*Source data:*

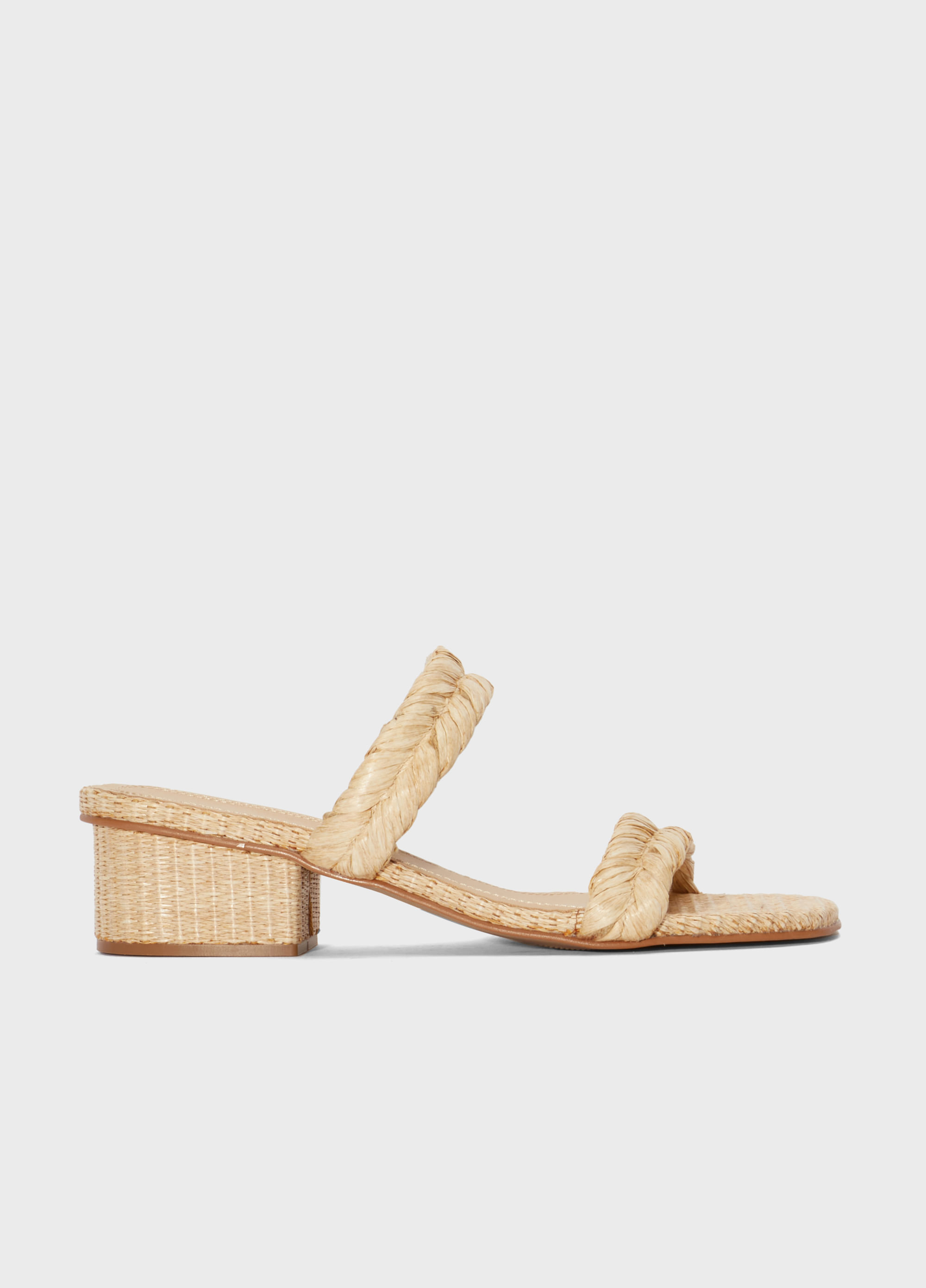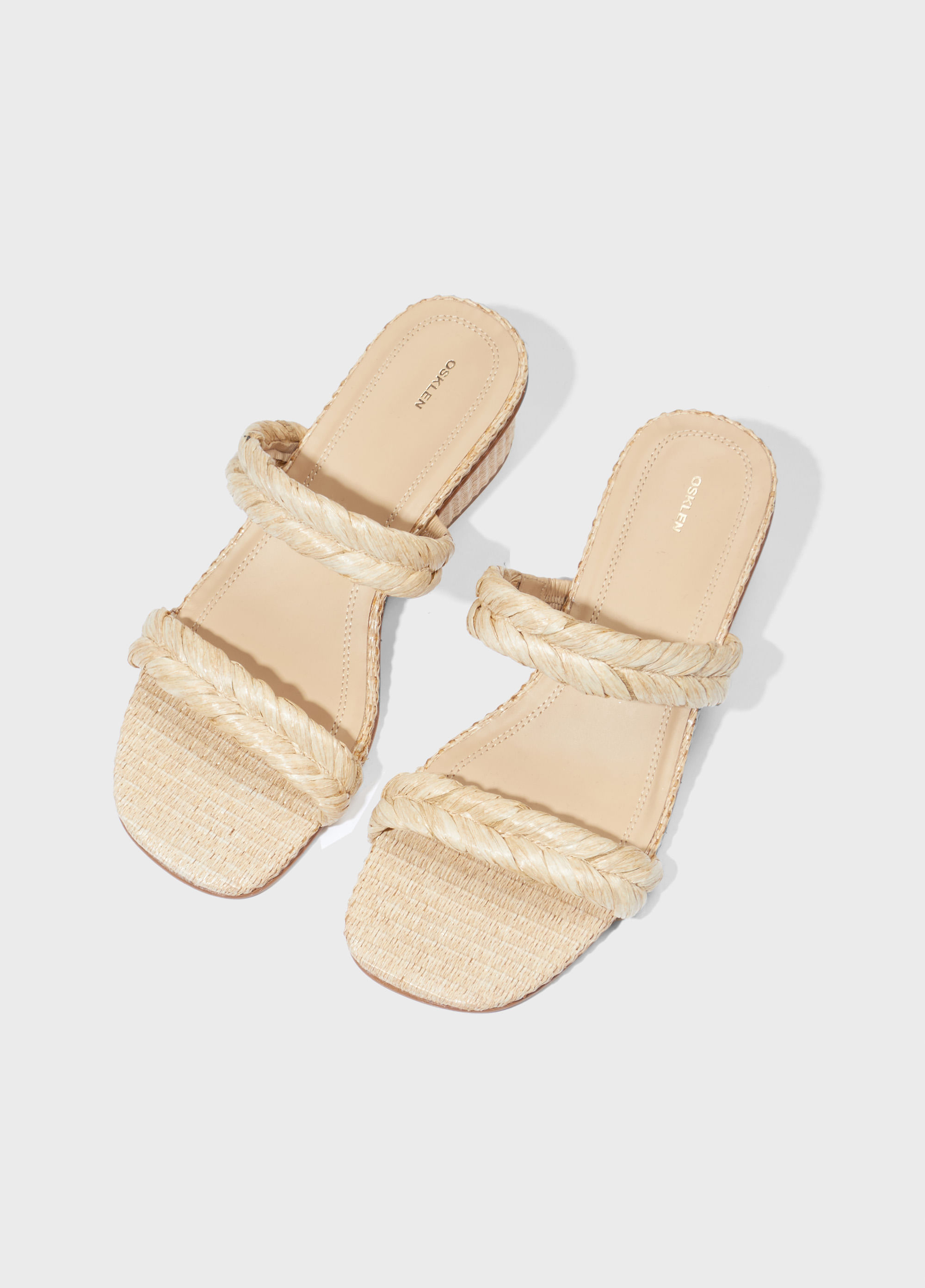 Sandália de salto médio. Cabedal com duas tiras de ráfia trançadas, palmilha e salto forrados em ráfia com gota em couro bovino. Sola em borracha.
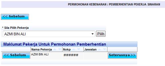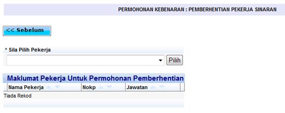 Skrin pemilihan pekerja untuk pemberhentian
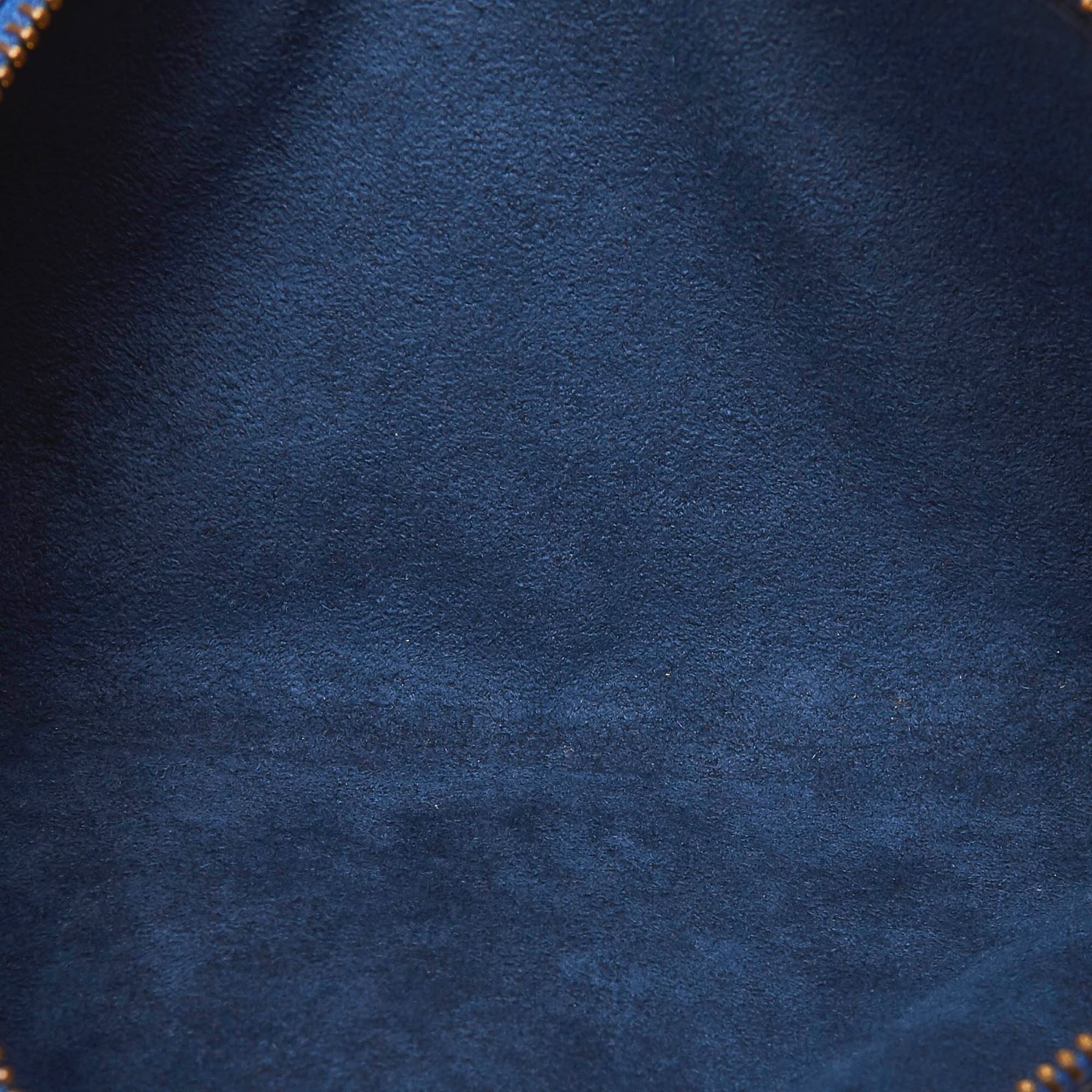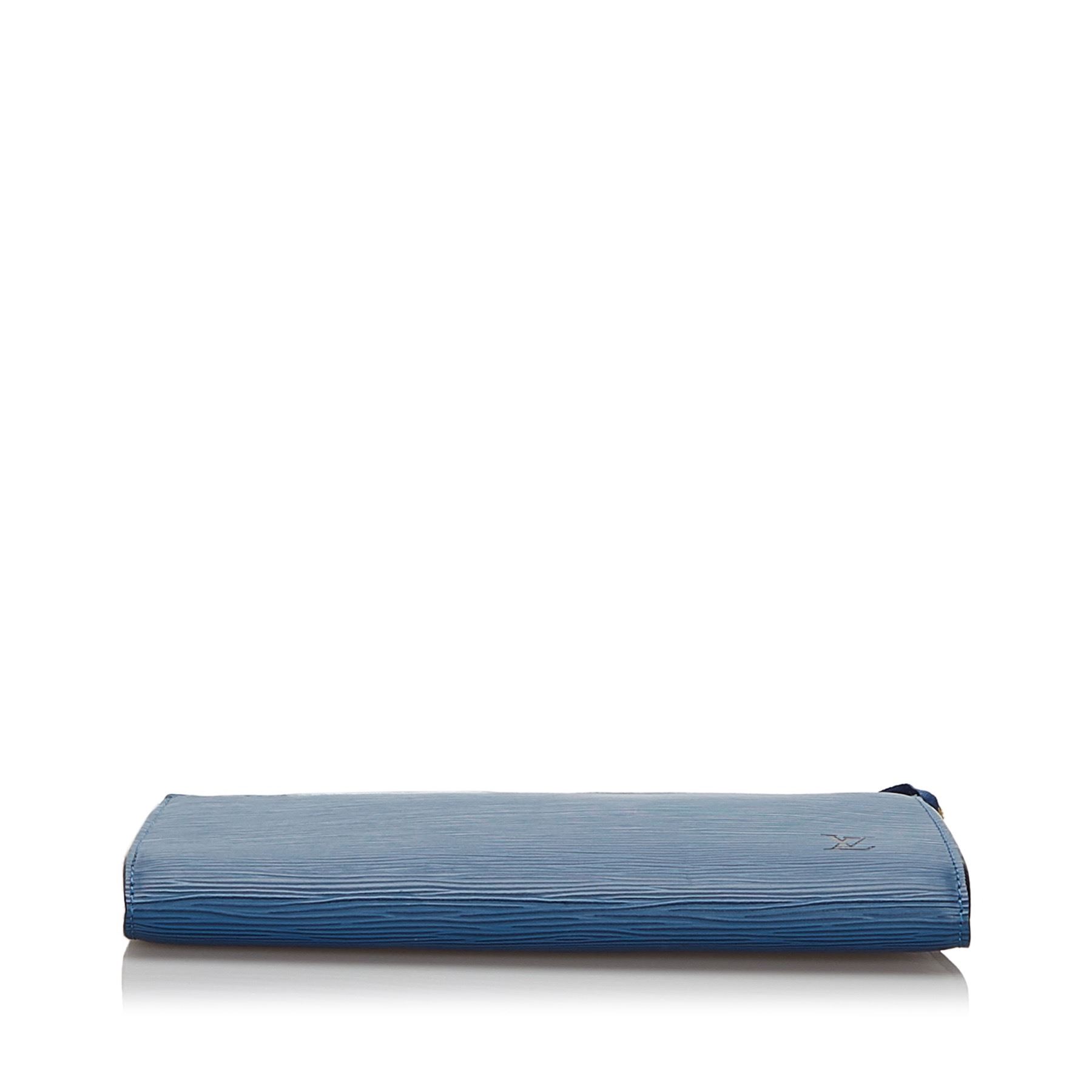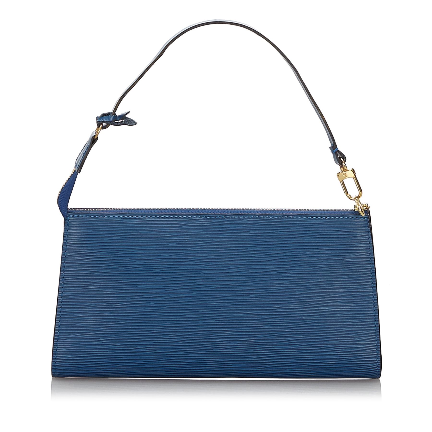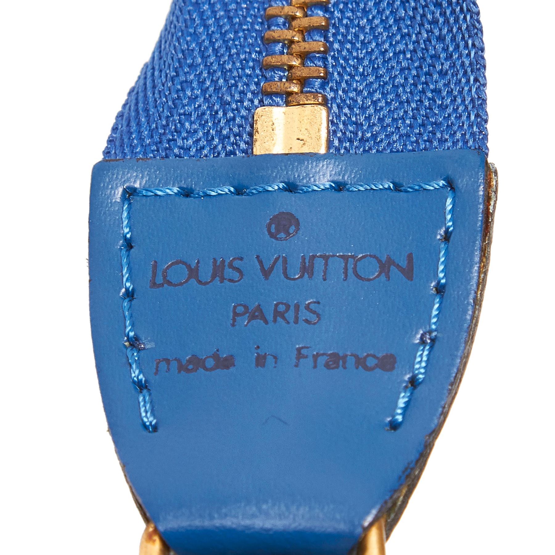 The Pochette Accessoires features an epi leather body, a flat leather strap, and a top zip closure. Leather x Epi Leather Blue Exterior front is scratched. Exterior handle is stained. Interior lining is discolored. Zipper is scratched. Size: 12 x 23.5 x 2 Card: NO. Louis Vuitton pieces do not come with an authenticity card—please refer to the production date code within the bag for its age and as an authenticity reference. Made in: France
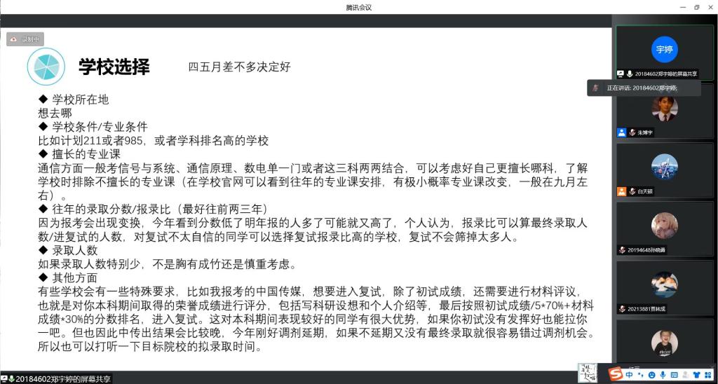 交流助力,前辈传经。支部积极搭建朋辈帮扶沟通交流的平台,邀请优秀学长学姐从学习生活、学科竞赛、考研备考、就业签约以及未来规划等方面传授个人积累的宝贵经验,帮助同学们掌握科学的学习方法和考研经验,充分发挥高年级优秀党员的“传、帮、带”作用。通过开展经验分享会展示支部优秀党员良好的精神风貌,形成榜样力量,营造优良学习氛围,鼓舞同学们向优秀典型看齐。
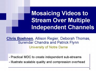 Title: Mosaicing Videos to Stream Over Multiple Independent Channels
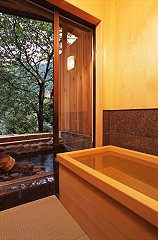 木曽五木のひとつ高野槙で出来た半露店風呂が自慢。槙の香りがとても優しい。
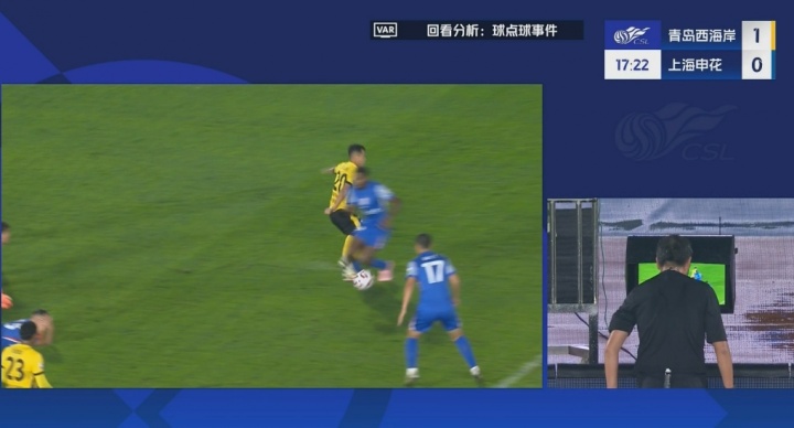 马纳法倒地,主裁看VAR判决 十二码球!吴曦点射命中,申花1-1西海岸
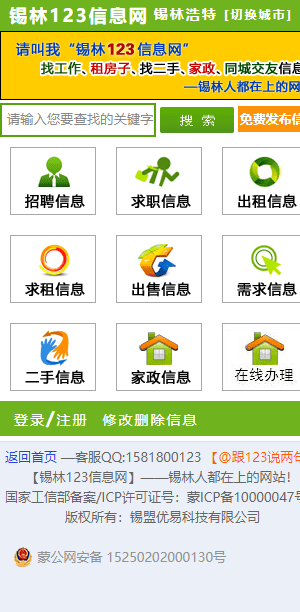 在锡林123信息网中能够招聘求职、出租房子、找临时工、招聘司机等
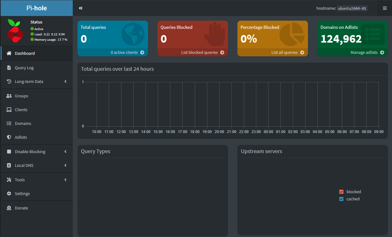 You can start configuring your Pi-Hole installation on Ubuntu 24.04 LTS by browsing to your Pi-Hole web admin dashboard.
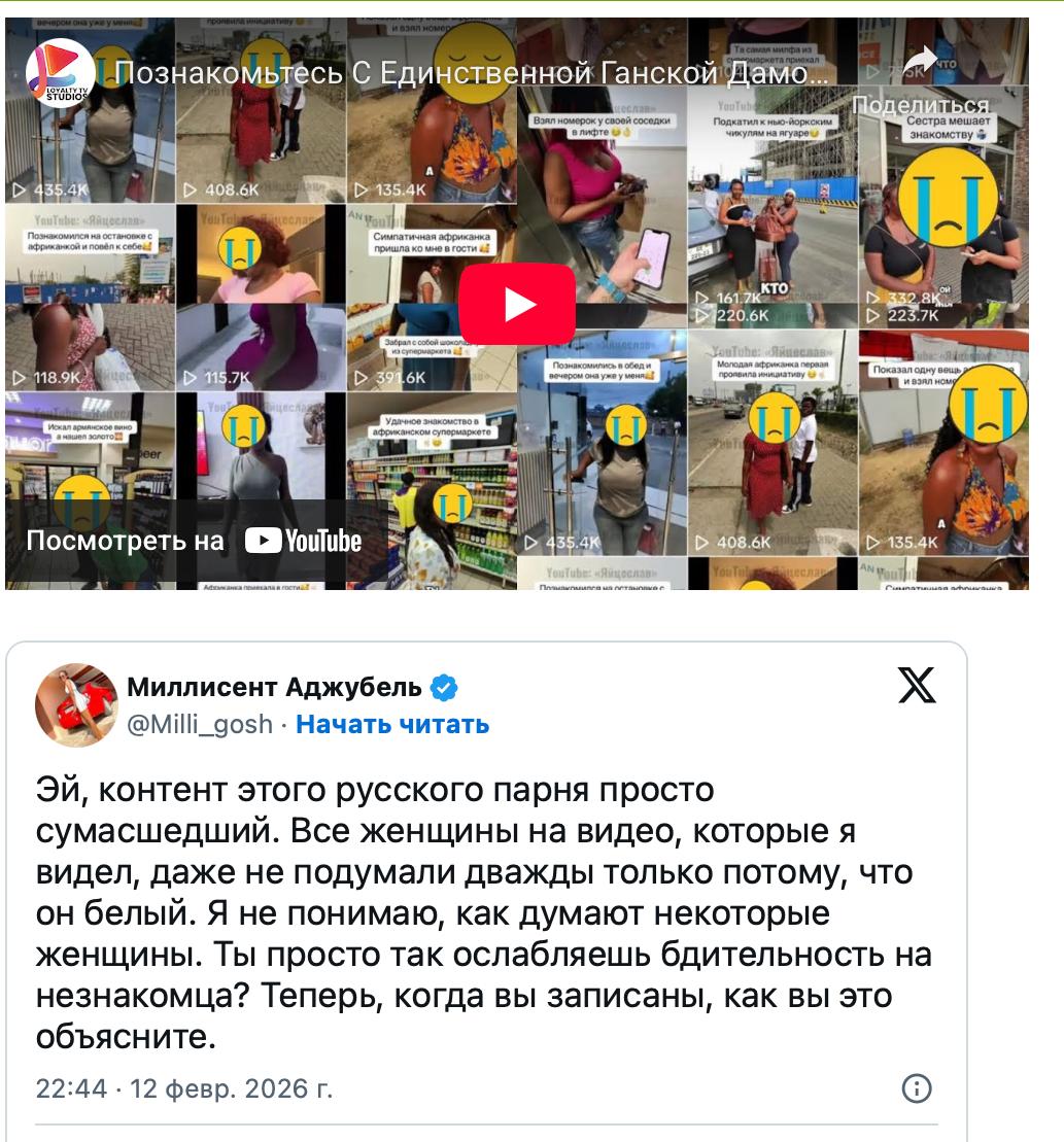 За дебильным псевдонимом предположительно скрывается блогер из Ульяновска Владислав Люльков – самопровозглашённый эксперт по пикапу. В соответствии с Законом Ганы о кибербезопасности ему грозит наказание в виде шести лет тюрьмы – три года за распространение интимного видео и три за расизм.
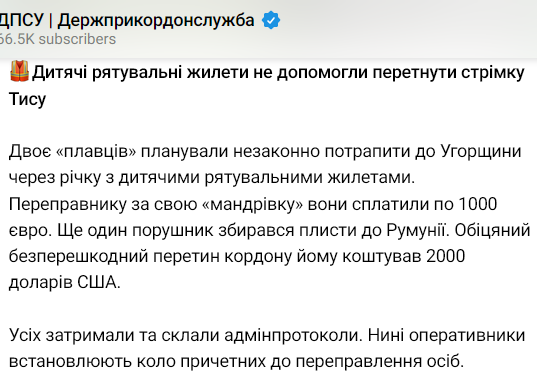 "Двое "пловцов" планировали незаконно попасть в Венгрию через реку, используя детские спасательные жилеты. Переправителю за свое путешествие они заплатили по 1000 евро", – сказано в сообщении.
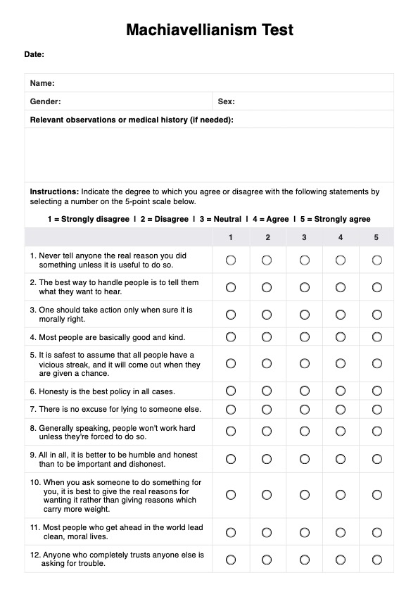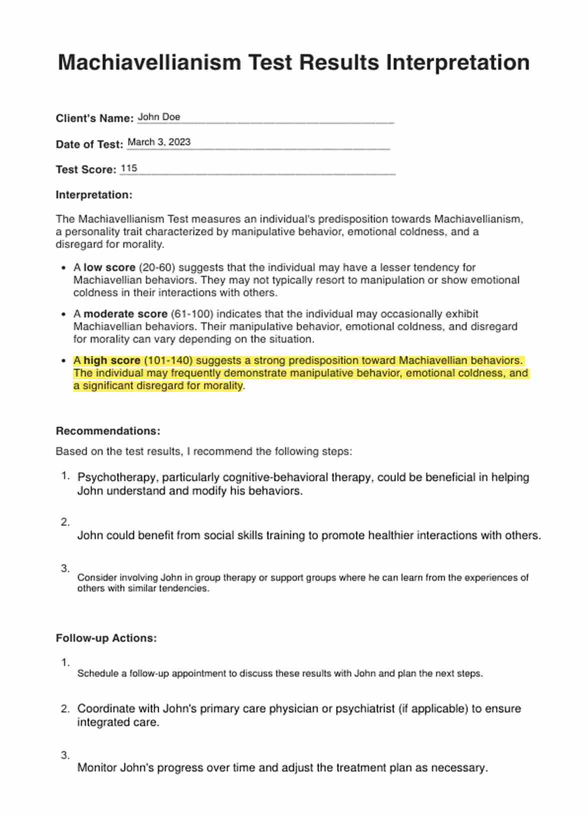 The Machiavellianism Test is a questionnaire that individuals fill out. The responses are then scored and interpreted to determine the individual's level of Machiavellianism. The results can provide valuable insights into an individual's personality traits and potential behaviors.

*Task objective:*
Above are the records; return the lines in them from the one with "木曽五木のひとつ高野槙で出来た半露店風呂が自慢。槙の香りがとても優しい。" to the one with "You can start", inclusive, exactly and without images.

*Task answer:*
 木曽五木のひとつ高野槙で出来た半露店風呂が自慢。槙の香りがとても優しい。
 马纳法倒地,主裁看VAR判决 十二码球!吴曦点射命中,申花1-1西海岸
 在锡林123信息网中能够招聘求职、出租房子、找临时工、招聘司机等
 You can start configuring your Pi-Hole installation on Ubuntu 24.04 LTS by browsing to your Pi-Hole web admin dashboard.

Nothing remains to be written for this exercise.